__Directions__. In the entries below, which lines run from the one with "This elegant 3pc" through the one with "The mother quickly grabbed a BB gun."? Repeat exactly those, both included, and no pictures.

Recorded data:

%%

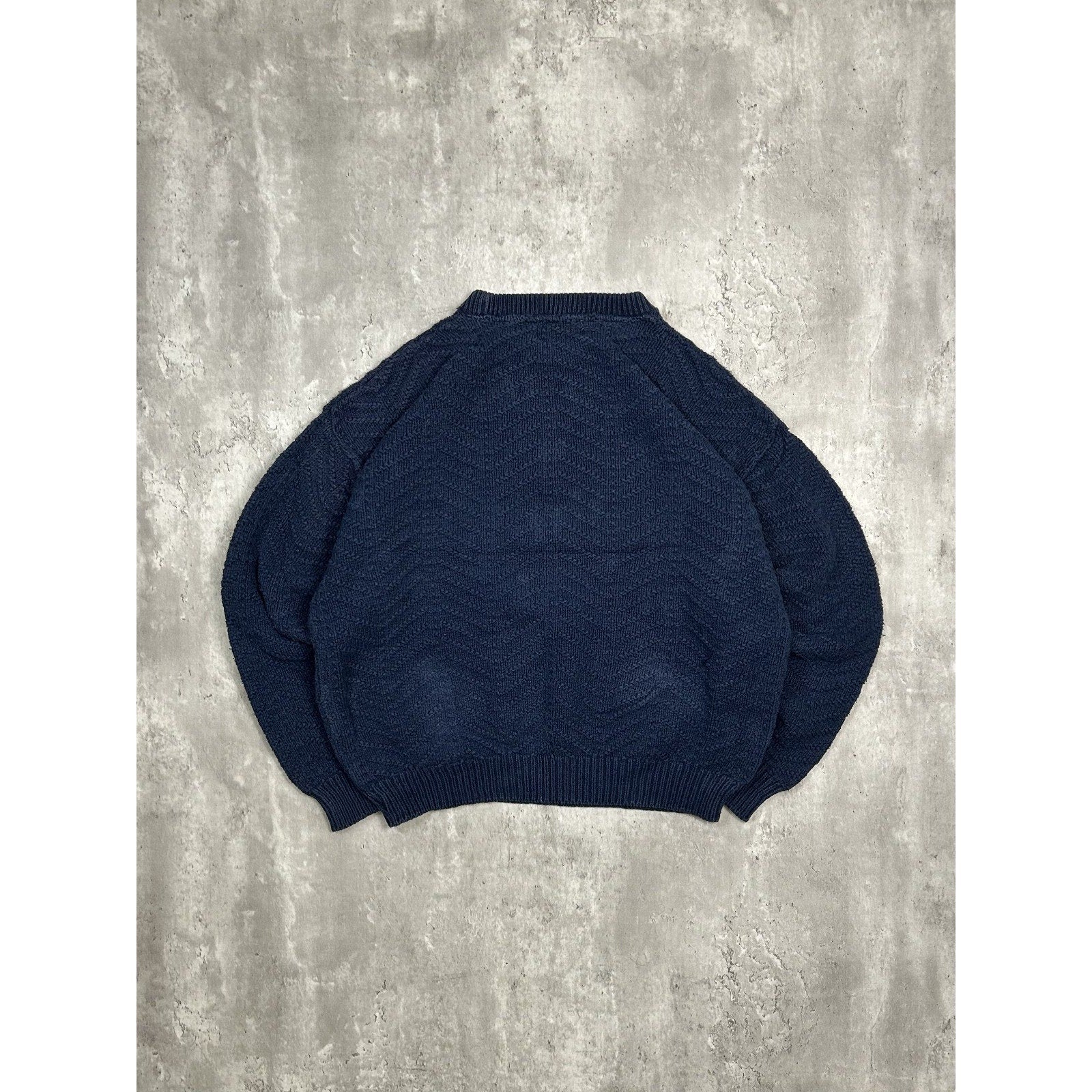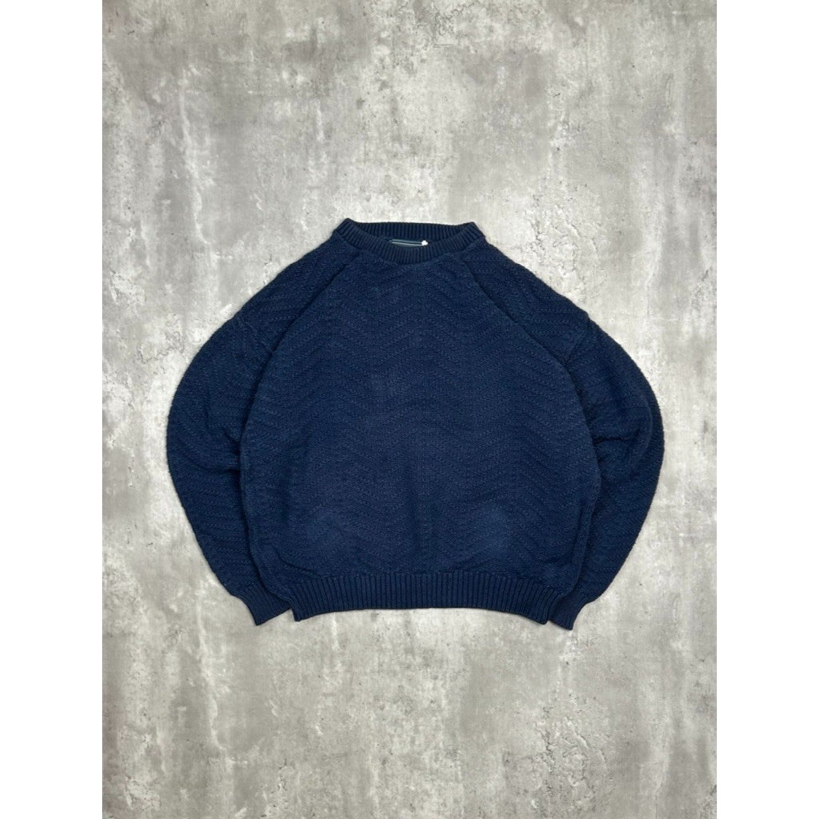 Vintage Zig Zag Striped Solid Print Pullover Knit Sweater Size Large
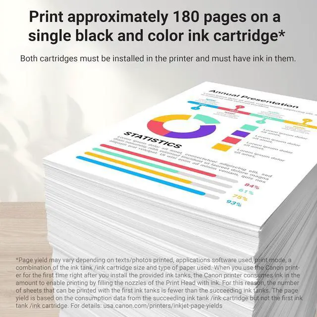 Canon Genuine Inks provide peak performance that is specifically designed for compatible Canon printers. The PG black ink cartridge produces crisp, sharp black text for your documents and the CL color cartridge produces accurate impressive color photos.
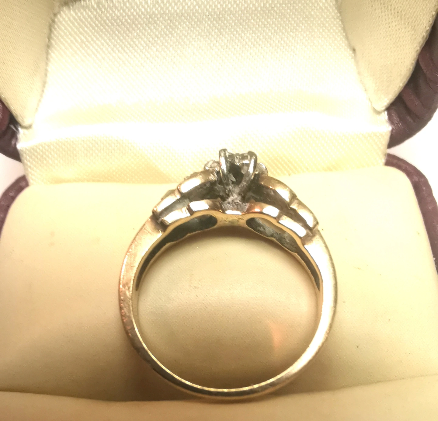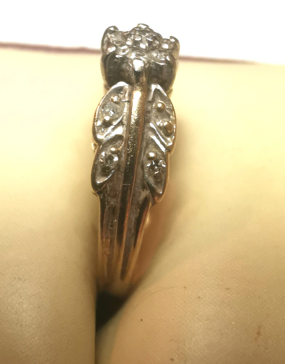 Details: Because of the 3-gram weight, the band (shank) is very thick and has not thinned over time. There are no signs of previous resizing or repair. The diamonds are bright, clear, and firmly set. Light surface polish marks only; no deep scratches or dents. Because of the 3-gram weight, the band (shank) is very thick and has not thinned over time. There are no signs of previous resizing or repair. The diamonds are bright, clear, and firmly set. Light surface polish marks only; no deep scratches or dents. Good vintage condition with light wear please reveiw photos as they are part of the description of the item.
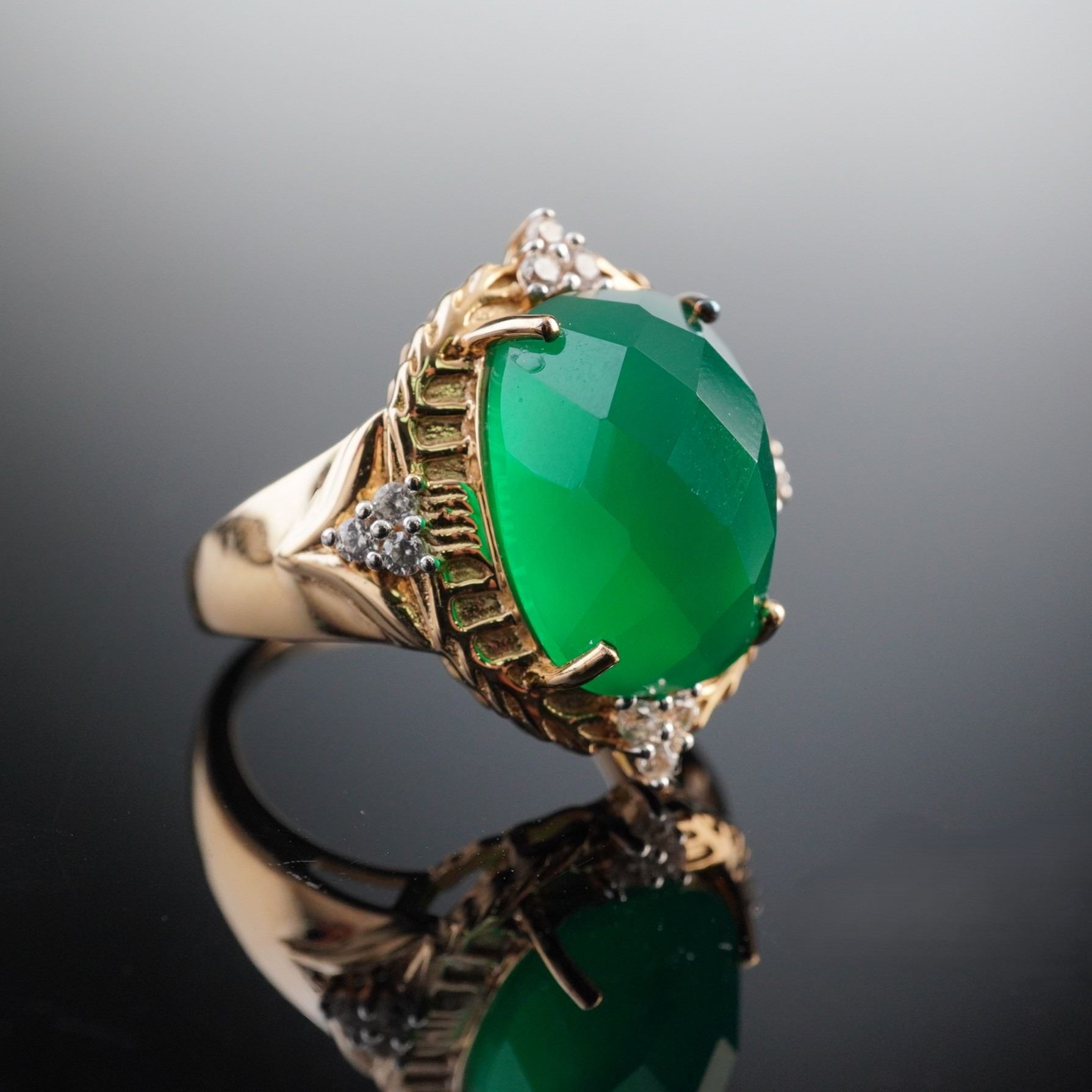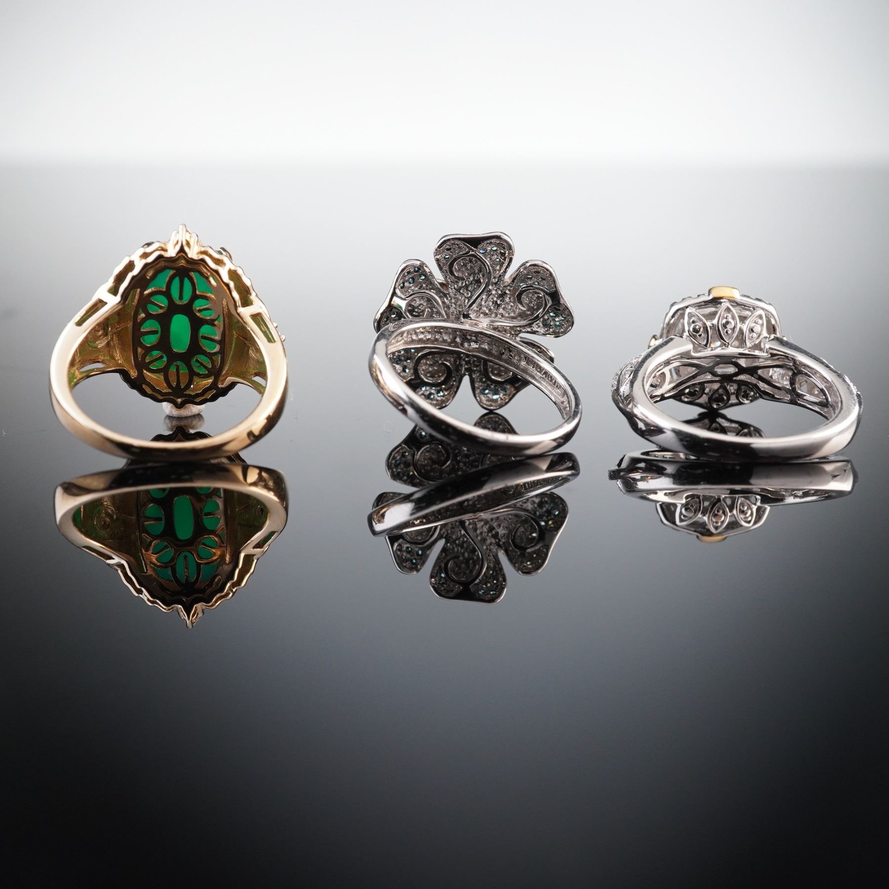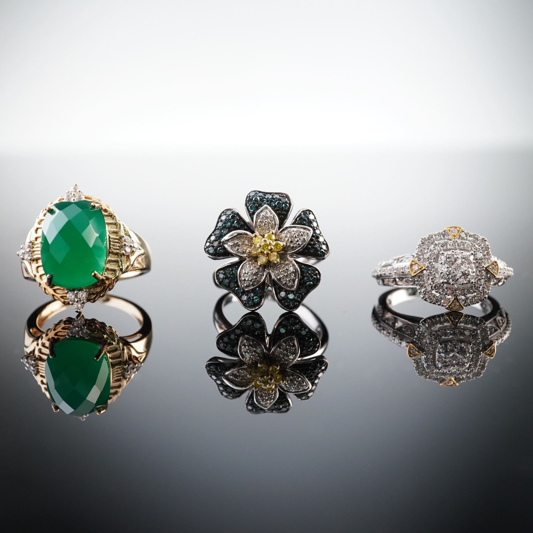 This elegant 3pc ring set features two Sterling silver rings with a gold-tone finish and one Sterling silver ring with a polished silver look. The first ring showcases a striking green stone at the center, the second features a detailed flower design adorned with clear stones (marked Thailand), and the third is a sleek, classic band with clear stones and gold accents. Each marked 925, total weight with stones 15.7 g.
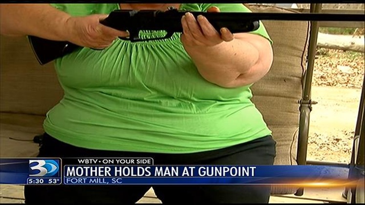 The mother quickly grabbed a BB gun.
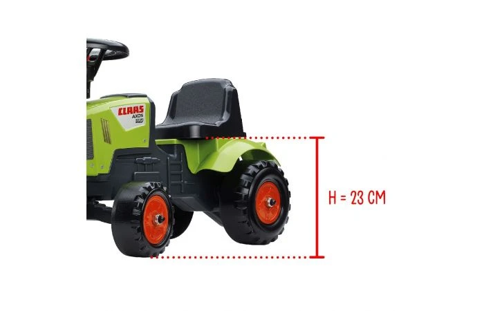 Deze kunststof Falk ‘Claas Axos 310’ groene looptractor is uitgevoerd in origineel Claas design, heeft een totale lengte van 97cmx30x37cm. Wordt geleverd inclusief aanhanger. Het is een mooie looptractor van een robuuste kwaliteit, heeft kunststof wielen die zeer slijtvast zijn en het stuur bevat een toeter met geluidsfunctie. De aanhanger is makkelijk te koppelen en te ontkoppelen: zo kan er van alles vervoerd worden. Geschikt voor kinderen vanaf 1 jaar en tot een gewicht van max. 30kg.
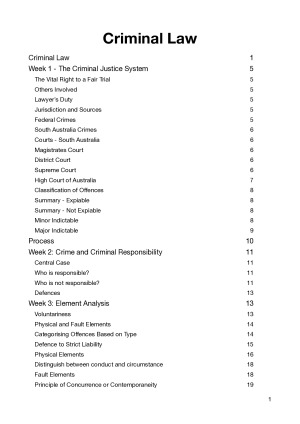 These notes cover all weeks of topics, such as the criminal justice system, crime and criminal responsibility, element analysis, homicide, dishonesty offences, offences against the person, sexual offences, attempts, affirmative defences, mental impairment, and all those therein.
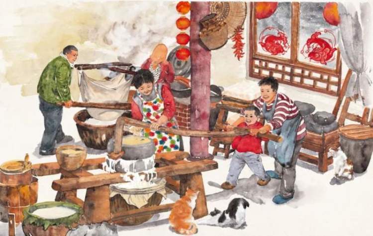 磨豆腐。图片出自《年味儿》。
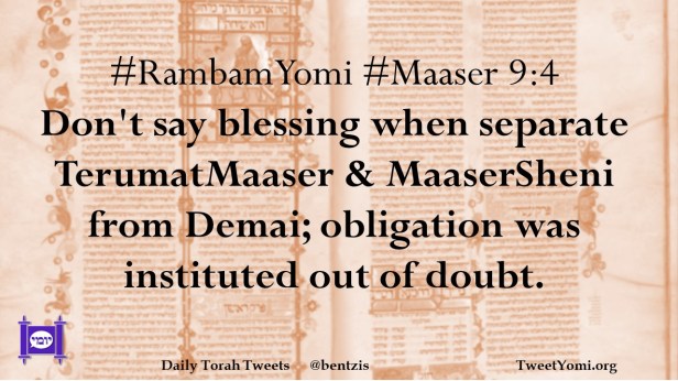 #RambamYomi #Maaser 9:4 Don’t say blessing when separate TerumatMaaser & MaaserSheni from Demai; obligation was instituted out of doubt.
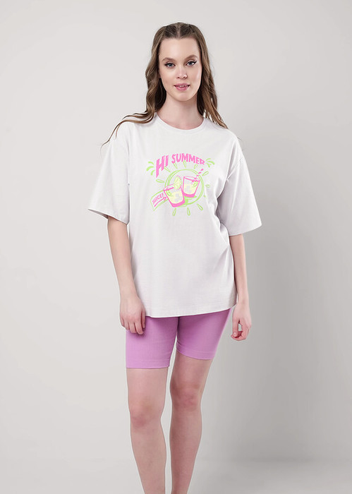 Пижама для дома.Футболка из трикотажного полотна. Округлая горловина с обтачкой. Втачной короткий рукав. Сзади средний шов.Спереди принт, нашивка.Шорты длинные, облегающие из трикотажного полотна кашкорсе.По талии притачная резинка жаккард, нашивка.
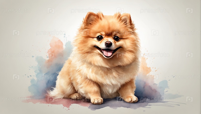 Пушистый помираниан на бежевом фоне, акварельная печать для ярмарки животных, журнал по уходу за питомцами, реклама, календарь
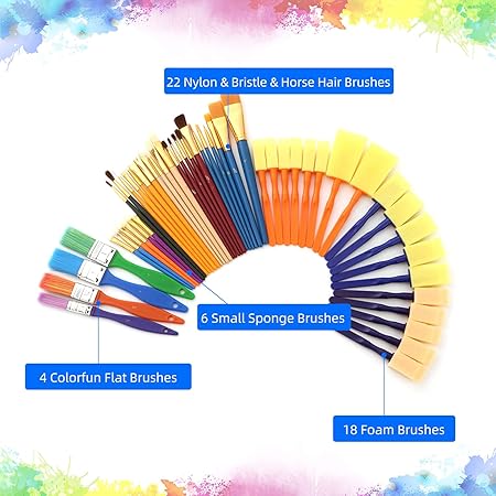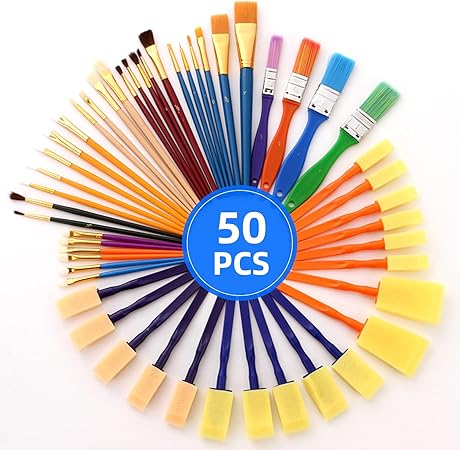 50PCS Boya Fırçaları Çok Amaçlı Yıkanabilir Boya Fırçaları Seti A st Çeşitli Değer Paketi Sünger Boyama Fırçası Seti Düz Yuvarlak Köpük Uçlu Çok Renkli

%%

__Exercise output__.
 This elegant 3pc ring set features two Sterling silver rings with a gold-tone finish and one Sterling silver ring with a polished silver look. The first ring showcases a striking green stone at the center, the second features a detailed flower design adorned with clear stones (marked Thailand), and the third is a sleek, classic band with clear stones and gold accents. Each marked 925, total weight with stones 15.7 g.
 The mother quickly grabbed a BB gun.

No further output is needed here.